Hate the sin but love the sinner is the gist of the paradox explored in this slender point-of-purchase book by minister Alcorn. The author of Deadline draws on his experiences of getting "pro-abortion" activists, unbelieving academics and his "resistant" father to see the light to argue that Christians must display grace-a spirit of humility, love and inclusion-while also insisting on the truth of Christian doctrine.
Truth without grace, he asserts, yields a self-righteous Pharisaism, while grace without truth leads to "moral indifference" and a dilution of Christ's message. Alcorn writes in a contemporary idiom, likening grace and truth to a binary star system or the twin strands of the DNA double helix. But his is a traditional evangelical outlook that combines Biblical literalism, hell-fire and a deep acknowledgment of personal sin. Alcorn registers his fundamentalist views on such topics as relativism on campus, the fallacy of Darwinism and Oprah Winfrey's "have-it-your-way designer religion." But he also chides Christians for their holier-than-thou attitudes ("Jesus," he warrants, "would preach five sermons against self-righteous churches for every one against taverns") and compares himself with evil-doers ("I am Dahmer. I am Mao") in attesting to the fallen state of all humanity and their dependence on God's unmerited grace for salvation. Firm but forbearing, Alcorn's tract is a dose of old-time religion in a smooth modern formulation.

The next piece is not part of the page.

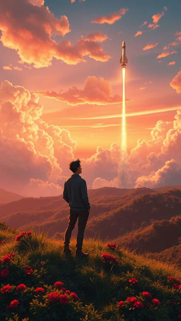 A breathtaking scene depicts a man standing on a hill, captivated by a distant rocket launch. The sky is a rich tapestry of colors, with the sunset illuminating fluffy clouds in hues of orange and pink. The ground beneath is lush and full of vibrant greenery, characteristic of a Studio Ghibli landscape, with whimsical details that draw the viewer in. The art style combines the ethereal quality of Makoto Shinkai’s lighting, capturing the atmospheric depth with volumetric effects. The scene is rendered in high resolution, showcasing meticulous details in the landscape and the man's contemplative expression. The collaboration of Artgerm and WLOP influence the character design with a sense of anime-infused realism. Greg Rutkowski's signature elements are visible in the intricate texture work and the overall composition that guides the eye towards the ascending rocket. The piece is polished to a cinematic quality with Octane's rendering techniques, making it a standout on ArtStation as a true masterpiece.

- Inspiring and Biblically sound
This is a book that's Biblically correct - as opposed to Poitically Correct. We live in a largely secular society where truth is relative and where values seem to change upon the whims of society. "My way is the only way," people say...
Then out comes this book by Randy Alcorn, which challenges our sometimes polarizing views. Based on Scriptures, he argues that Christ was not all truth or only grace; one camp has a tendency to stress scriptural truths while the other stresses grace only. However, Christ reflected both (John 1:17) - and so should we. We are called to love the sinner, but not the sin. How to do that? Alcorn gives some practical tips on how to navigate these tricky waters. It's not an easy road; and as Alcorn indicated, you might end up alienating one or both camps if you walk like Christ did.
Unless you stubbornly lean towards one camp or the other, you too will find this book overall Biblically balanced and sound. I bought this book upon the recommendation of some Christians and because it received high ratings on Amazon. I'm so glad I did - and highly recommend it to others as well!
- We cannot be 50 percent truth and 50 percent grace. We have to be 100 percent truth and 100 percent grace.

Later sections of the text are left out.